Assume that the model satisfies Assumptions(*) above. Then for every \(\mathcal {S}\in \mathcal {R_{G}}\left (P\right )\)

$$\displaystyle \begin{aligned} \dim\ker A_{\mathcal{S}}\leqslant k. \end{aligned}$$

Proof

The idea is to construct a spanning set for \(\ker M_{*}^{\left (\mathcal {S}\right )}\) and invoke Proposition 15. Let us relabel the nodes along \(\mathcal {S}\) to be 1, 2, …, P. Starting from an arbitrary α ₁ with support \(\left |S_{1}\right |=k\), we use (32) to obtain, for i = 1, 2, …, P − 1, a formula for the next portion of the global representation vector Γamma

$$\displaystyle \begin{aligned} \alpha_{i+1}=C_{i,i+1}^{-1}\alpha_{i}. \end{aligned} $$

(33)

This gives a set Δ consisting of overall k linearly independent vectors Γamma _i with \({\mathrm {supp}}{\varGamma }_{i}=\mathcal {S}\).
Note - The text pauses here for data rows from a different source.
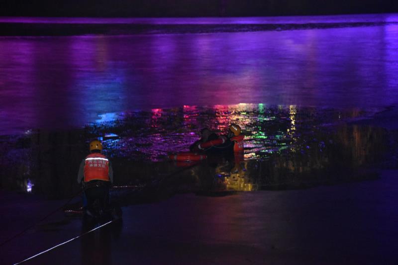 20時40分,第一組救援人員成功到達女子身邊,并利用救生圈將女子向岸邊轉(zhuǎn)移。20時43分,落水女子被營救上岸,并移交給現(xiàn)場120醫(yī)護人員。20時45分,救援人員協(xié)助河道管理處工作人員轉(zhuǎn)移至岸邊。
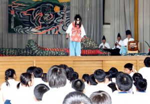 親子で神楽を鑑賞 郷土芸能に触れる 市立豊栄小学校
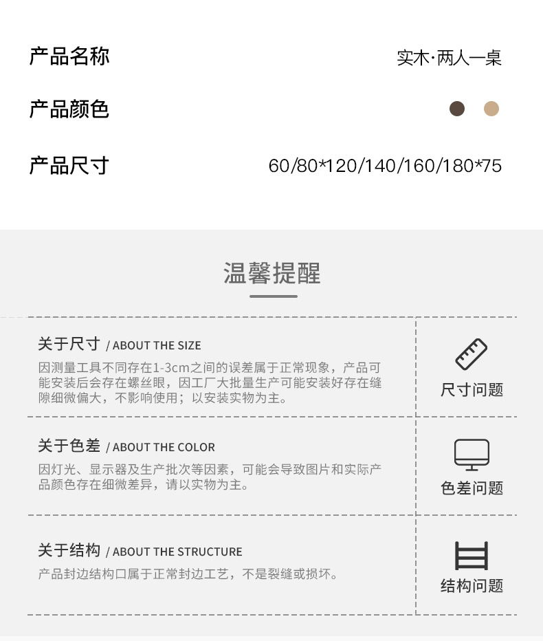 | Color | 【25mm实木生态板芯桌面】钢架腿南美胡桃色100cm,【25mm实木生态板芯桌面】钢架腿南美胡桃色120cm,【25mm实木生态板芯桌面】钢架腿南美胡桃色140cm,【30mm实木生态板芯桌面】钢架腿北美黑胡桃色100cm,【30mm实木生态板芯桌面】钢架腿北美黑胡桃色120cm,【30mm实木生态板芯桌面】钢架腿北美黑胡桃色140cm,【30mm实木生态板芯桌面】钢架腿北美黑胡桃色160cm,【30mm实木生态板芯桌面】钢架腿北美黑胡桃色180cm,实木腿胡桃色100*60*75【15MM加厚单桌】,实木腿胡桃色120*60*75【15MM加厚单桌】,实木腿胡桃色140*60*75【15MM加厚单桌】,实木腿胡桃色160*60*75【15MM加厚单桌】,实木腿原木色100*60*75【15MM加厚单桌】,实木腿原木色120*60*75【15MM加厚单桌】,实木腿原木色140*60*75【15MM加厚单桌】,实木腿原木色160*60*75【15MM加厚单桌】,实木腿胡桃色120*60*75【加厚30MM加厚单桌】,实木腿胡桃色140*60*75【加厚30MM加厚单桌】,实木腿胡桃色160*80*75【加厚30MM加厚单桌】,实木腿胡桃色180*80*75【加厚30MM加厚单桌】,实木腿原木色120*60*75【加厚30MM加厚单桌】,实木腿原木色140*60*75【加厚30MM加厚单桌】,实木腿原木色160*80*75【加厚30MM加厚单桌】,实木腿原木色180*80*75【加厚30MM加厚单桌】,30mm加厚桌面【100%全橡胶木】胡桃色100cm,30mm加厚桌面【100%全橡胶木】胡桃色120cm,30mm加厚桌面【100%全橡胶木】胡桃色140cm,30mm加厚桌面【100%全橡胶木】胡桃色160cm,30mm加厚桌面【100%全橡胶木】胡桃色180cm,30mm加厚桌面【100%全橡胶木】樱桃木色100cm,30mm加厚桌面【100%全橡胶木】樱桃木色120cm,30mm加厚桌面【100%全橡胶木】樱桃木色140cm,30mm加厚桌面【100%全橡胶木】樱桃木色160cm,30mm加厚桌面【100%全橡胶木】樱桃木色180cm,15MM加厚桌面【单人位实木椅组合】100cm胡桃色,15MM加厚桌面【单人位实木椅组合】120cm胡桃色,15MM加厚桌面【双人位实木椅组合】140cm胡桃色,15MM加厚桌面【双人位实木椅组合】160cm胡桃色,15MM加厚桌面【单人位实木椅组合】100cm原木色,15MM加厚桌面【单人位实木椅组合】120cm原木色,15MM加厚桌面【双人位实木椅组合】140cm原木色,15MM加厚桌面【双人位实木椅组合】160cm原木色,纯实木书桌搭配【实木书桌椅】浅胡桃色,纯实木书桌搭配【实木书桌椅】樱桃木色,钢架书桌搭配【实木书桌椅】黑胡桃色 |
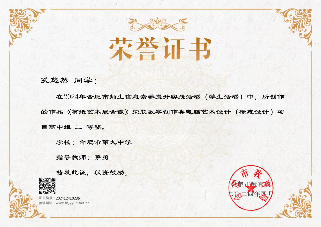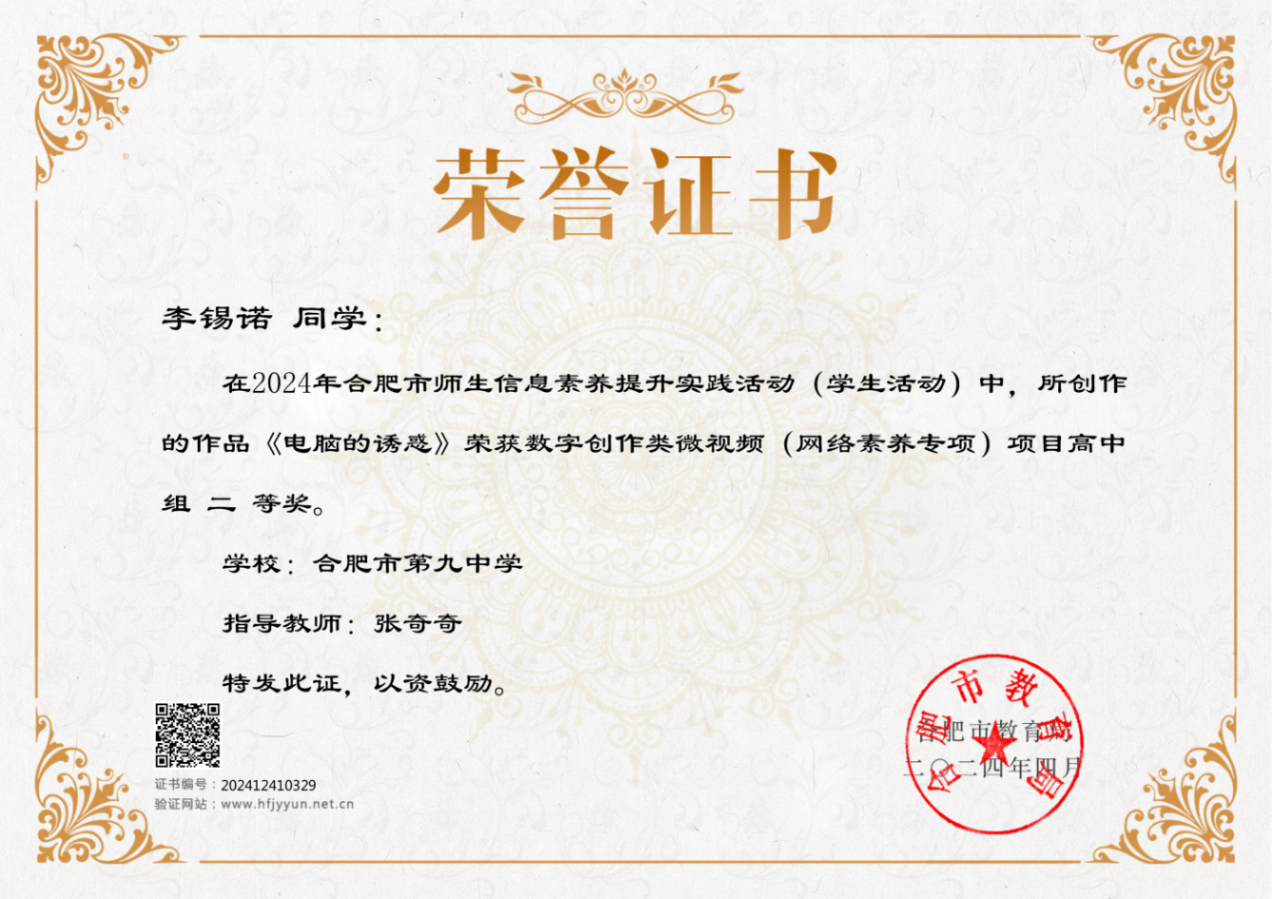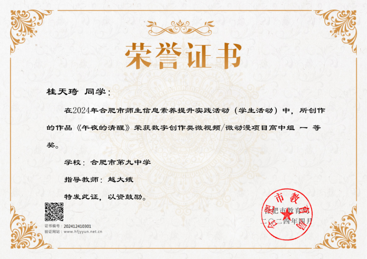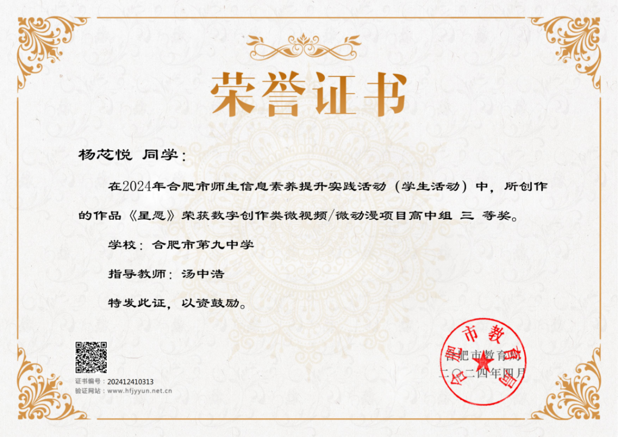 日前,2024年合肥市中小学生信息素养提升实践活动结果揭晓,合肥九中学子凭借良好的信息素养和创新实践能力在此次活动中荣获佳绩,共计10项作品获奖,其中一等奖作品2项,二等奖作品3项,三等奖作品5项,并有5项作品被推荐参加省赛,本次作品的获奖层次及数量在合肥市市属普通高中学校中名列前茅!
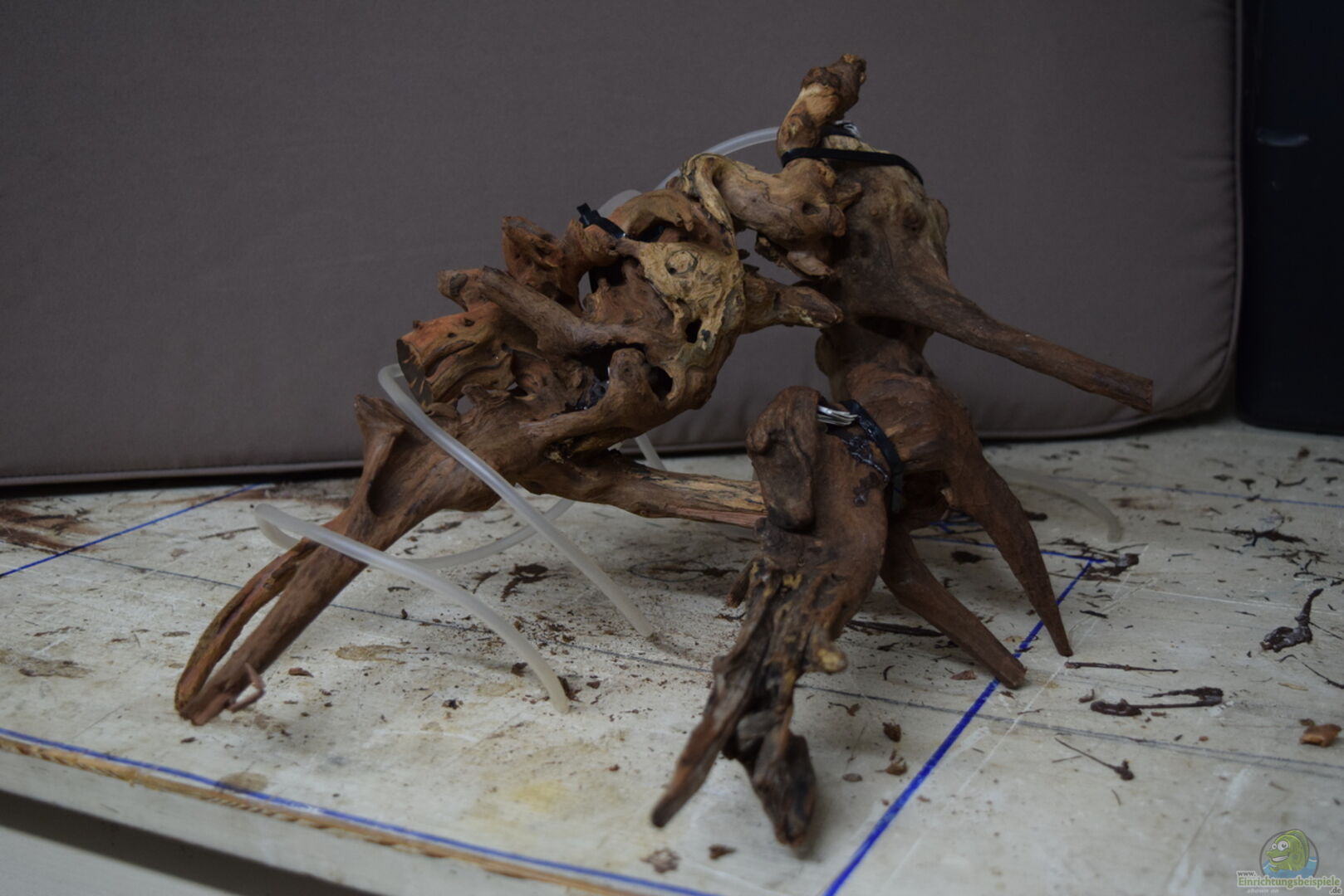 4 Mangroven-Hölzer mit Kabelbindern zu einem grossen Stück

It may happen that equation (33) is not satisfied for i = P. However, every Γ with \({\mathrm {supp}}{\varGamma }=\mathcal {S}\) and \(M_{*}^{\left (\mathcal {S}\right )}{\varGamma }amma_{\mathcal {S}}=0\) must belong to spanΔ, and therefore

$$\displaystyle \begin{aligned} \dim\ker M_{*}^{\left(\mathcal{S}\right)}\leqslant\dim{\mathrm{span}}\varDelta=k. \end{aligned}$$

□

We believe that Proposition 16 can be extended to more general graphs, not necessarily satisfying Assumptions(*).In particular, the following estimate appears to hold for a general model \(\mathcal {M}\) and \(\mathcal {S}\in \mathcal {R_{G}}\left (P\right )\):

$$\displaystyle \begin{aligned} \dim\ker A_{\mathcal{ S}}\leqslant\left|S_{1}\right|+\sum_{i}\left(\left|S_{i+1}\right|-{\mathrm{rank}}\left[S_{B}D_{S_{i}}\;S_{T}D_{S_{i+1}}\right]\right). \end{aligned}$$

We leave the rigorous proof of this result to a future work.

Further Remarks

While the model presented in this section is the hardest to analyze theoretically, even in the restricted case of Assumptions(*) (when does a nontrivial realization of a given \(\mathcal {G}\) exist? How does the answer depend on n? When \(\mathcal {R_{G}}\left (P\right )\neq \emptyset \)? etc?), we hope that this construction will be most useful in applications such as denoising of natural signals.